**Dataset section**.
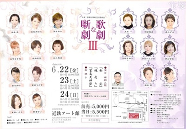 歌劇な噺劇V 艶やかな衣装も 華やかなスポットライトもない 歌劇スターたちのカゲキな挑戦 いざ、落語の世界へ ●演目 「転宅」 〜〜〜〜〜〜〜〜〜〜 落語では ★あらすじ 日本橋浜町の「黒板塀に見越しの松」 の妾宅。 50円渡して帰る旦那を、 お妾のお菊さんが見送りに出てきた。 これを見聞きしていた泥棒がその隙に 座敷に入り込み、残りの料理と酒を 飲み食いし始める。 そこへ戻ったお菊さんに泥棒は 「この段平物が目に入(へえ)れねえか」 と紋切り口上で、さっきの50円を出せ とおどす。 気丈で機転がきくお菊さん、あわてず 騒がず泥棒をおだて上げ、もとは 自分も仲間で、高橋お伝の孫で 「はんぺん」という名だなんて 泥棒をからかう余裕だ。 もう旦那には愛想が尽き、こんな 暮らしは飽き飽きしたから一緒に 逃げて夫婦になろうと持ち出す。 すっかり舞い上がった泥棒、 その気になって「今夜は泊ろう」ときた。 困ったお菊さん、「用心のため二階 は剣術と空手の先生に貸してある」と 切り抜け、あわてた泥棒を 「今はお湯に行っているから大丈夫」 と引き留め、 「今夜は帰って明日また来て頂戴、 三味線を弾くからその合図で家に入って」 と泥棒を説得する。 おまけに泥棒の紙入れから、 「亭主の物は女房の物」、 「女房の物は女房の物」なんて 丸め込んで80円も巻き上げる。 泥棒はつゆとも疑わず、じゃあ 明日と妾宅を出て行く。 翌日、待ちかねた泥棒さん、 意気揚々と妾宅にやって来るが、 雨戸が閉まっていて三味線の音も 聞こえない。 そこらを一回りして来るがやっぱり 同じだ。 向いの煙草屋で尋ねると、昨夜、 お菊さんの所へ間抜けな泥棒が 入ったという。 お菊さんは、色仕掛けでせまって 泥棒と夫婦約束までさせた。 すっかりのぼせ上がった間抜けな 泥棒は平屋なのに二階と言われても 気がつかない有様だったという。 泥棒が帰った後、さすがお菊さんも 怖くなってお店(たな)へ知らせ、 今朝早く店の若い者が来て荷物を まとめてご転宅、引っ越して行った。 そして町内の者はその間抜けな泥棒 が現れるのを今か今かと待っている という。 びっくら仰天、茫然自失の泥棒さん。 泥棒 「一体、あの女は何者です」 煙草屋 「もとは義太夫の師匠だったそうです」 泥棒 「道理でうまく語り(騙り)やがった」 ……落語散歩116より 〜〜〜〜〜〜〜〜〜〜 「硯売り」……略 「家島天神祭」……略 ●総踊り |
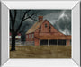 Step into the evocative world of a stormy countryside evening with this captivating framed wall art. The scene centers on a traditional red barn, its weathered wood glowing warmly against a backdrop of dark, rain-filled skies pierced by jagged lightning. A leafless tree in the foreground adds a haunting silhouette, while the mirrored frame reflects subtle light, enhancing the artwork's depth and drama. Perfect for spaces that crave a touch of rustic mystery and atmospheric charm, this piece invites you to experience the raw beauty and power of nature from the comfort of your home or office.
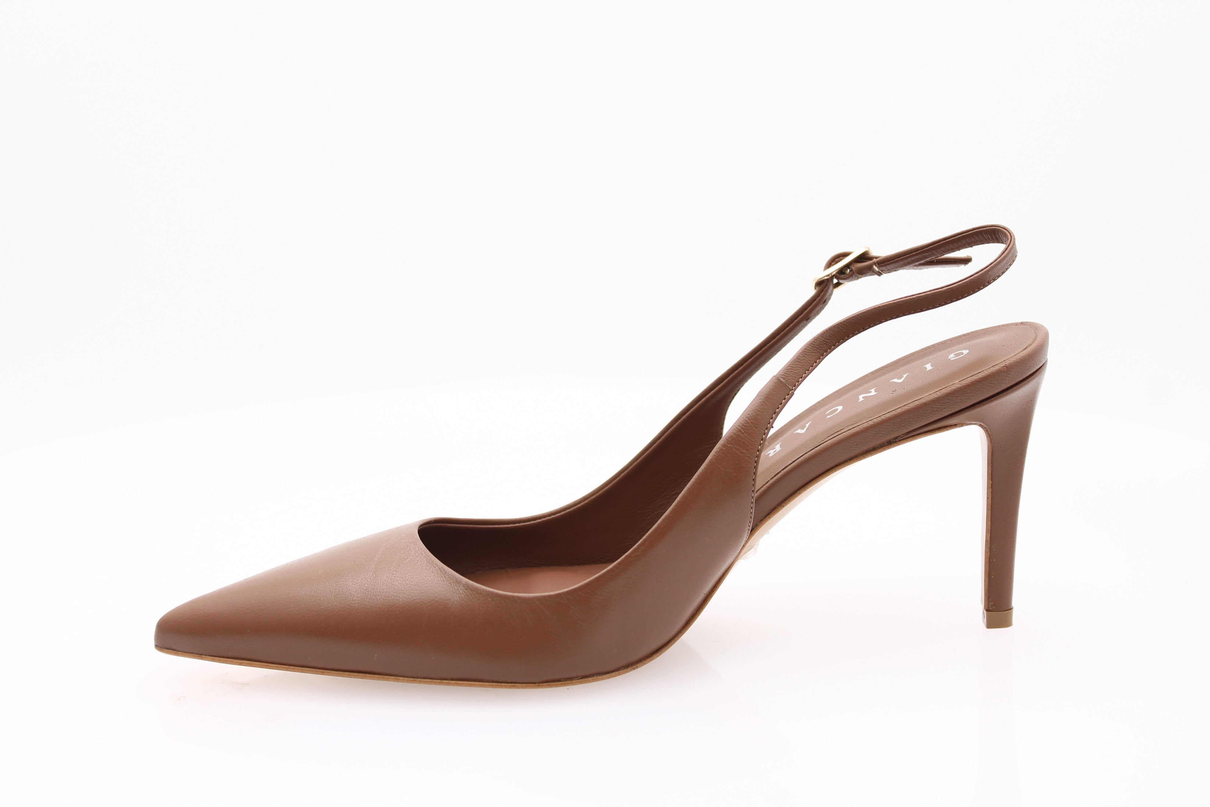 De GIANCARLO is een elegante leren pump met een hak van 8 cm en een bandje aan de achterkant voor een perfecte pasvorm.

**Problem requirements**.
The lines from the one containing "Step into the" through the final line of the data are to be repeated exactly, with both ends included and all pictures left out.

**Answer to this task**.
 Step into the evocative world of a stormy countryside evening with this captivating framed wall art. The scene centers on a traditional red barn, its weathered wood glowing warmly against a backdrop of dark, rain-filled skies pierced by jagged lightning. A leafless tree in the foreground adds a haunting silhouette, while the mirrored frame reflects subtle light, enhancing the artwork's depth and drama. Perfect for spaces that crave a touch of rustic mystery and atmospheric charm, this piece invites you to experience the raw beauty and power of nature from the comfort of your home or office.
 De GIANCARLO is een elegante leren pump met een hak van 8 cm en een bandje aan de achterkant voor een perfecte pasvorm.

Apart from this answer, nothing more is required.